Two Responses: Offense or Union With Christ
I believe this is why Jesus says, “Blessed is the one who is not offended by me” (Matt. 11:6). When a man or a woman begins to see the effects of lost influence—her counsel is sought less by the younger women of the church, or his input is less often included in decisions regarding the upkeep of the grounds and expansion plans—there is the risk of offense. We are offended, aren’t we, when someone “plays” in our areas of responsibility? But as influence shifts so does responsibility, and during such times we are called not to be offended.
No new people can know the full history of an organization or institution. No new pastor will ever have enough “information” about the events that have shaped the church. And yet we are offended—when newcomers show up with ideas, suggestions, and dreams that don’t fit our own; or when leaders come in and make changes that go against our sense of prudence. We take offense when we grow bitter about waning influence. This is why Jesus says that we are blessed when we are not offended by him. He must increase.

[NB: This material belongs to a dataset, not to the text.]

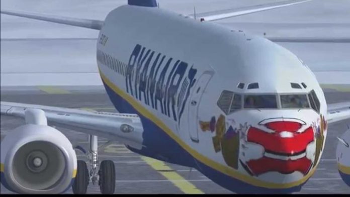 Tidak cuma satu, armada Ryanair lainnya juga pernah memasang sebuah livery yang sangat lucu. Di bagian depan pesawat, nampak sebuah Santa Claus yang seolah tertabrak oleh armada Boeing 737-200 milik Ryanair. Lucu ya!
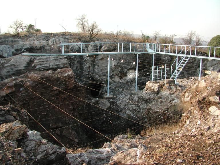 Excavations at Sterkfontein continue to the present day. A reference grid is seen in this view of the region in which the skull of Mrs. Ples was discovered. A plaque commemorating the discovery is visible on the far side of the excavation at the site where the skull was found.

If our response is to be other than “offense”—we must look to the Person of Christ. One way this can be done in the life of a congregation is by regularly focusing on our union with Christ. Through repeated emphasis on our unique relationship in and with Christ, the fibers of our being—made up of our experiences and beliefs—find fullness in our union with the Divine (by the Spirit). Far from the loss of influence resulting in a rending of our sense of identity, as we hold before us our great union with Christ, we are empowered to risk the loss of everything, even our influence.
The challenge for the pastor in this is great, because it involves both high self-awareness and others-awareness—an ability to name his own fears and intuit and perceive the fears of others. The wisdom of Proverbs gives guidelines of grace for us in these endeavors. Likewise the constant proclamation, “I am not the Christ.” For as we recognize the full extent of that truth, our blind eyes do receive sight, and far from being offended, we are delighted to see how the influence of Christ is conveyed through all members of his Body.
There may yet be sorrow and tears—as the tears of a father giving away his daughter, all grown, for marriage; tears as of a mother at the moving out of her last child, and the echoes of an empty nest; even the tears of the aged at bitter-sweet memories of bygone days, or opportunities missed. There must always be a place for tears within the reaches of the Body of Christ. In this life, there will be sorrow and tears—but the Lord is the one who wept even when we could not, and who promises to greet us at the gates of heaven to “wipe away our tears” (Isa. 25:8).